Different approaches have been developed to over-express or ectopically express a protein in cells: peptide or full length recombinant protein transfer, viral gene transfer, non-viral DNA transfer and non-viral mRNA transfer. Non-viral mRNA transfer has been around for a long time, but it is not widely used because the expression is transient and generating large amount of mRNA is considered difficult. More recently, the benefits of transient expression, particularly without leaving a footprint in the host genome, have become recognized in many areas of study.
mRNA-mediated ectopic gene expression made a big splash recently through its use for iPSC reprogramming. iPSC factor mRNA enhances iPSC induction efficiency and completely avoids viral integration. This has tremendous implications for clinical use of iPSCs as compared to current methods, because any method involving DNA (e.g. non-integrating lentivirus or minicircle plasmids) presents the risk of random integration by partial recombination. In addition, because mRNA transfection does not require nuclear entry, it is generally easy to do and is not cell cycle-dependent.
RNA can be produced by in vitro transcription (IVT), a simple reaction requiring only a DNA template (double-stranded, or even single-stranded DNA with a double-stranded promoter region), RNA polymerase (from T7, SP6, or T3 phage), NTPs, and a reaction buffer that provides appropriate salt and pH. Using a high quality template; a single 20-50 µl reaction can routinely produce 40-50 µg of mRNA as a single band on an agarose gel from 1 µg of DNA template. At such high concentrations, IVT mRNAs are not nearly as sensitive to RNase-mediated degradation as low-abundance samples.
mRNA transfection has already been developed for use in several applications. Enzymes such as transposase and Cre recombinase have been commonly delivered in the form of mRNA. Other well-known examples of mRNA transfection include loading special cancer antigens or HIV antigens to dendritic cells (DCs) in vitro for personal immunotherapy. PSA antigen expressing DCs transfected by mRNA has moved on to Phase I Clinical Trials for this purpose.

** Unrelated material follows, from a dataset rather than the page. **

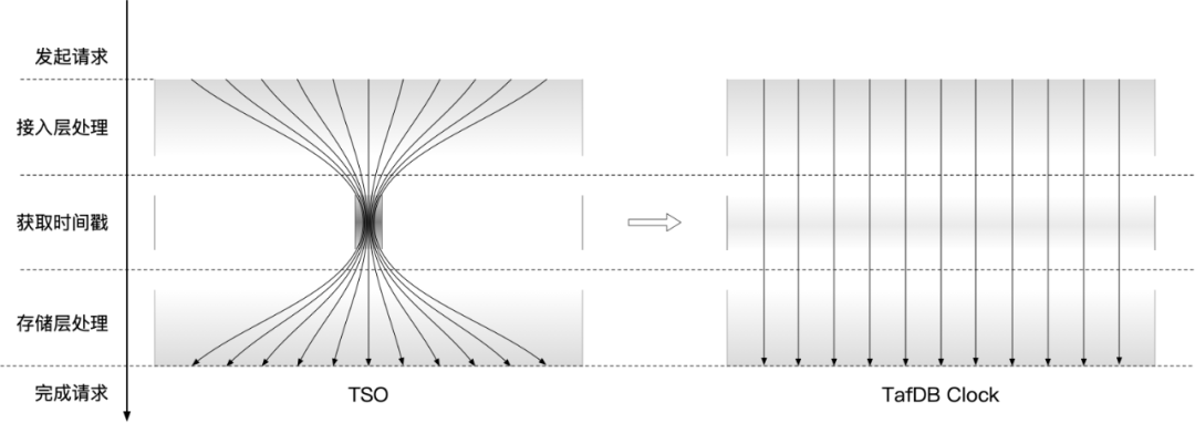 通过 TafDB Clock 我们消除了时钟的单点隐患,同时不增加额外的事务逻辑复杂度。如图所示,当使用 TSO 时,系统中所有的请求都需要挤在一起访问单点的时钟服务以获取时间戳,而单点是存在上限的,只能支撑百万 QPS 规模,并且一旦时钟服务异常就会影响集群全部的请求。而使用 TafDB Clock 方案时,所有的请求不再需要访问某个共同的节点,上述单点问题也就被消除了。

These linear DNA templates are ready to use directly in IVT reactions. Within each template, the coding sequence for a protein is flanked by 5’ and 3’ untranslated regions designed to maximize the translational efficiency and cytoplasmic stability of the mRNA and validated in the iPSC application. The templates drive incorporation of 120-nt polyA tails into RNA transcripts, eliminating the need to enzymatically polyadenylate IVT products before use.